マインドフルネスという用語が市民権を得てから久しいと思うが、
その内実がどのようなものなのかは意外と知られていないように思うからである。
本特集号は、そのマインドフルネスを、実際に実践されている方々の思いを中心に特集している。
本書の冒頭を飾るのは、今をときめくメンタリストDaiGo氏の実践からである。
そして、研究者と実践者の双方が、各自の体験を交えながら執筆をしているところに、
本書の特徴があるように思う。
研究者と現場の方々の双方が、まさしく臨床の智慧として特集しているところが、とても注目されるのである。
本書に収載された文章は、マインドフルネスが一過性の流行に終わらないよう注意を促すものや、
マインドフルネスを認知行動療法の面から明らかにするものなど、いずれも有益なものばかりである。
とくにマインドフルネスが「注意の分割」を起こすものであることを
脳科学の世界から明らかにしているところは興味深い。
それがもたらす心の変化は、現代の社会にとってとても大切なものであることは間違いなく、
私たちの悩み苦しみを超える道であろう。
別の言葉で言えば、仏教の瞑想が科学のメスを受け入れ、
マインドフルネスとなって新たな段階を迎えているということなのだろう。
しかし、プラスの側面だけではない。
一方で、それが人によってマイナスの反応をもたらすこともあることに注意を促している。
いずれにしろ、本特集号は、現時点における、マインドフルネスに対する最新の視点が満載されている。

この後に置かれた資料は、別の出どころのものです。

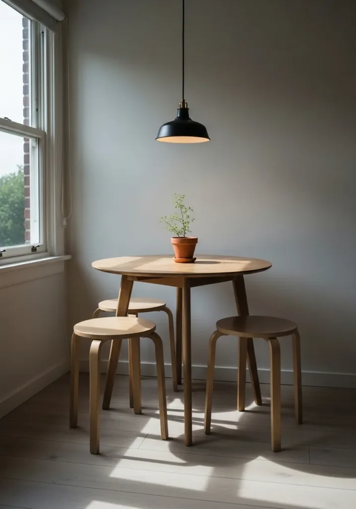 This compact round table fits perfectly into the corner of the room and makes the most of the natural light from the window. The matching stools and simple pendant light create a calm and cohesive look that feels intentional without being busy. Every element has a purpose, and nothing feels extra.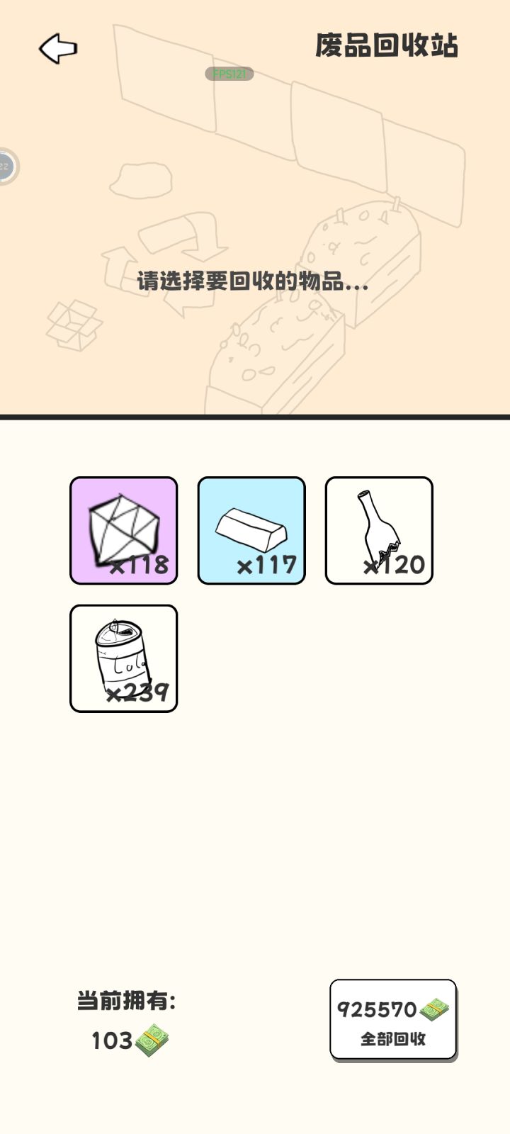 捡一次垃圾,我同学都能结束一把王者了!全程如来神掌(超过100).捡垃圾真的很无聊啊!捡一次垃圾就能卖100W多,真的很无聊啊!。开局首先叠 耐力∶1点耐力+2秒捡垃圾时间然后叠5左右的蘑菇回复和抵抗力(够用就行)然后继续捡垃圾(别睡觉,等健康没了去医院)如果购买商店都没有就刷新。(如来神掌有就拿,钱不够就锁住)然后继续捡垃圾叠回收效益。叠300多然后差不多是第三天。你大概就有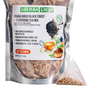 Nuestro Té Chaga con Raíz de Eleuthero procede en su totalidad y de forma sostenible de Siberia, y contiene una mezcla 50/50 de hongo chaga y raíz de eleuthero, lo que lo hace muy nutritivo y fácil de usar al estar envasado en bolsitas de té.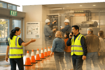 How event staff handle immediate crowd safety and evacuations while property teams manage infrastructure protection and long-term recovery.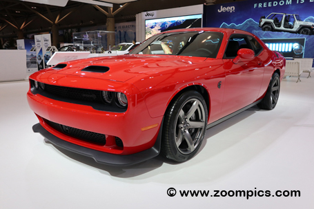 | The Chrysler exhibit included the 2022 Dodge Challenger SRT Hellcat. The model shown has the 6.2 liter supercharged SRT HEMI V8. Transferring the power to the rear wheels is an eight-speed TorqueFlite high-performance automatic transmission. Standard equipment includes competition suspension with adaptive damping, dual-scoop hood, heated front seats and steering wheel and SRT Performance Pages with configurable drive models and launch control. |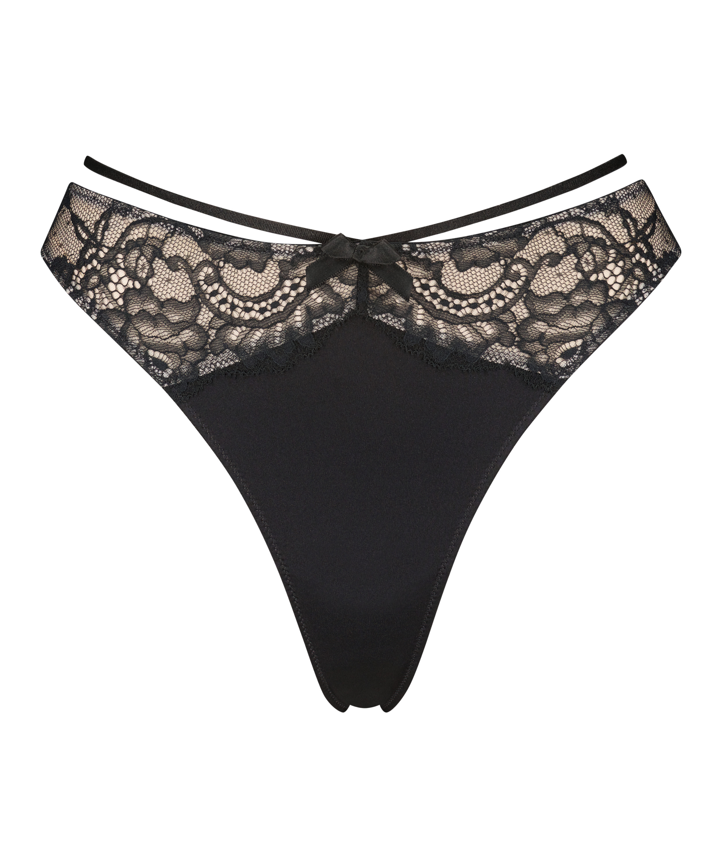 These playful knickers are super fun! The thong has strappy details at the top with details in lace. And it has a cute bow. Combine with a matching bra.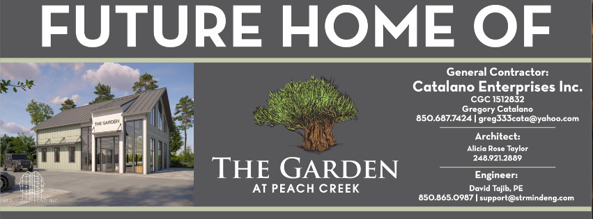 We are pleased to announce that The Garden at Peach Creek will be opening a new location and brand-new building in 2027. The new site will be located less than one mile east of our current location on Highway 98 and will offer expanded plant selections, enhanced retail space, and new garden-focused experiences for our community.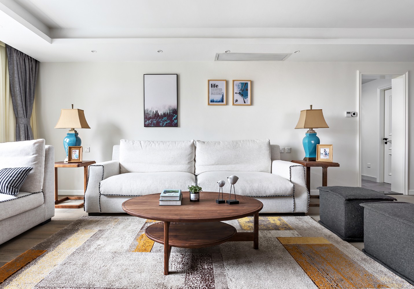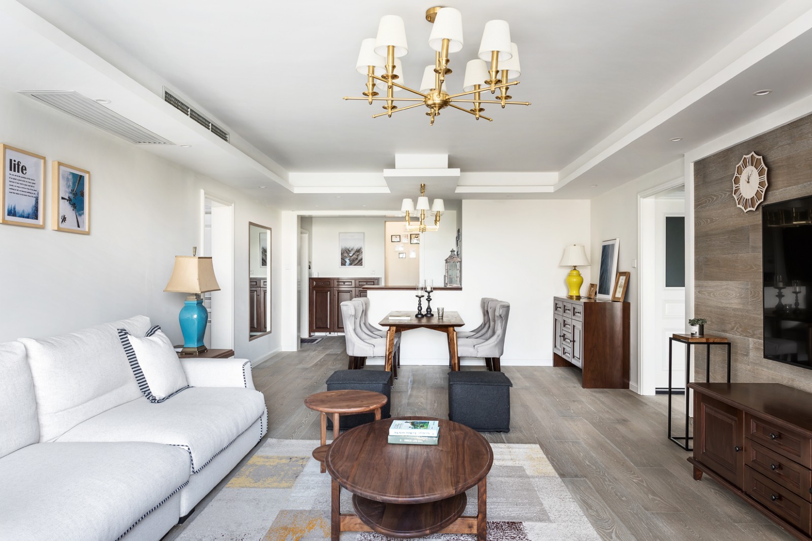下面给大家带来的这套家居装修案例是一套面积为148㎡的新房,这个宽敞的大户型在装修风格上选择了简约混搭风的设计,颜色上以白色为主,然后配色核桃木的家具以及灰色的原木,再加上一些精致的软装配饰,全屋展示着不一样的美感!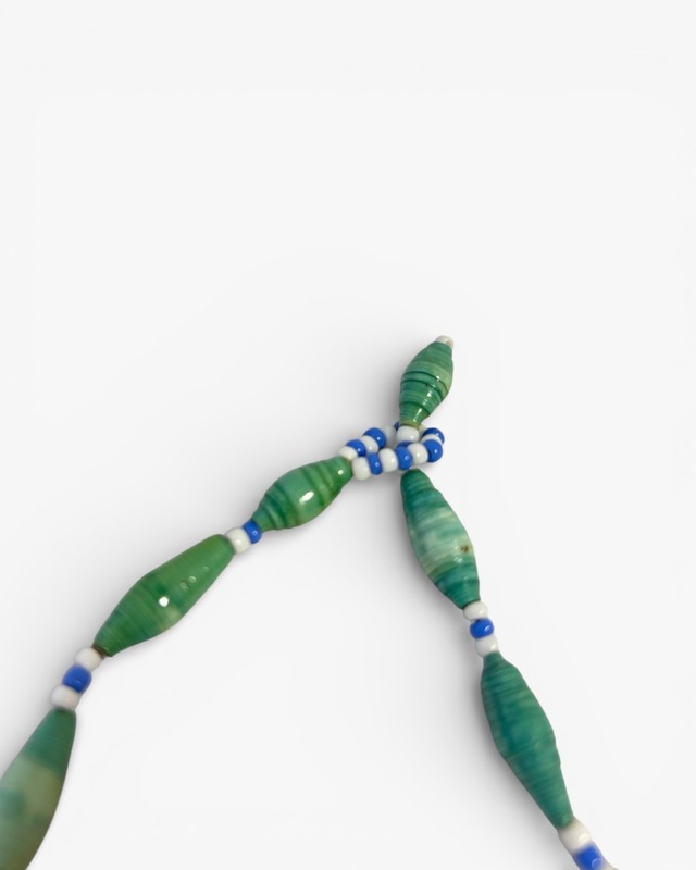 ペーパービーズで作られた可愛らしい色と形のネックレスで、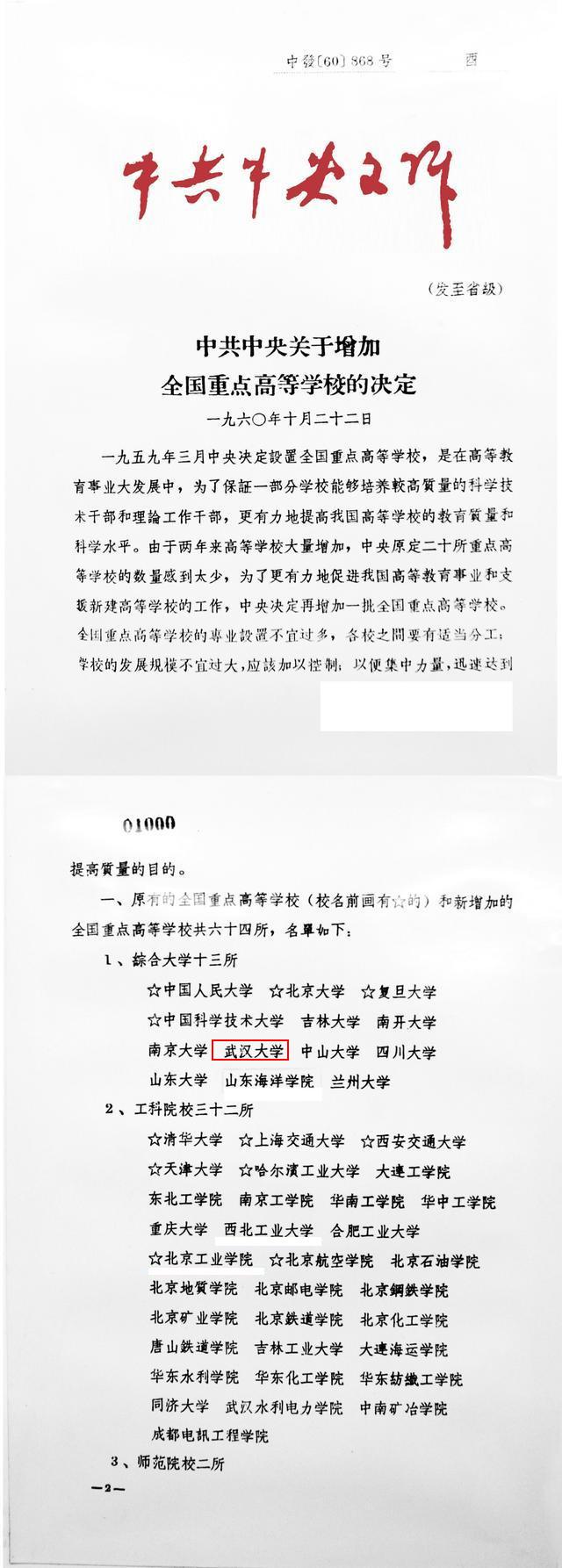 1946年,学校已形成文、法、理、工、农、医6大学院并驾齐驱的办学格局。当时是第二中山大学,1960年,武汉大学被列为综合性全国重点大学,当时总有13所综合性重点大学。

本書のなかでマインドフルネス(mindfulness)とアウェアネス(awareness)という言葉が登場する箇所があったが、
この二つが具体的にどのような内容を示しているのか、気になった。
あえて説明をしていないのかも知れないが、この二つのことばは、
仏教の視点から見ると、とても大事な点を説いているように思う。
それは、私たちの心が持つ、言葉の機能とのかかわりを考えさせるものだからである。
今、仏教の伝えた瞑想法が現在の社会の中に、新たな形で根を下ろしつつあるのだと思う。
それは、本書のなかの記述を借りれば、まさしく「仏教科学と近代科学」の協働の幕開けなのだろう。
このようなことを考えつつ、本書が、さらなる展開を生み出す契機になってくれることを念願し、巻頭のことばとしたい。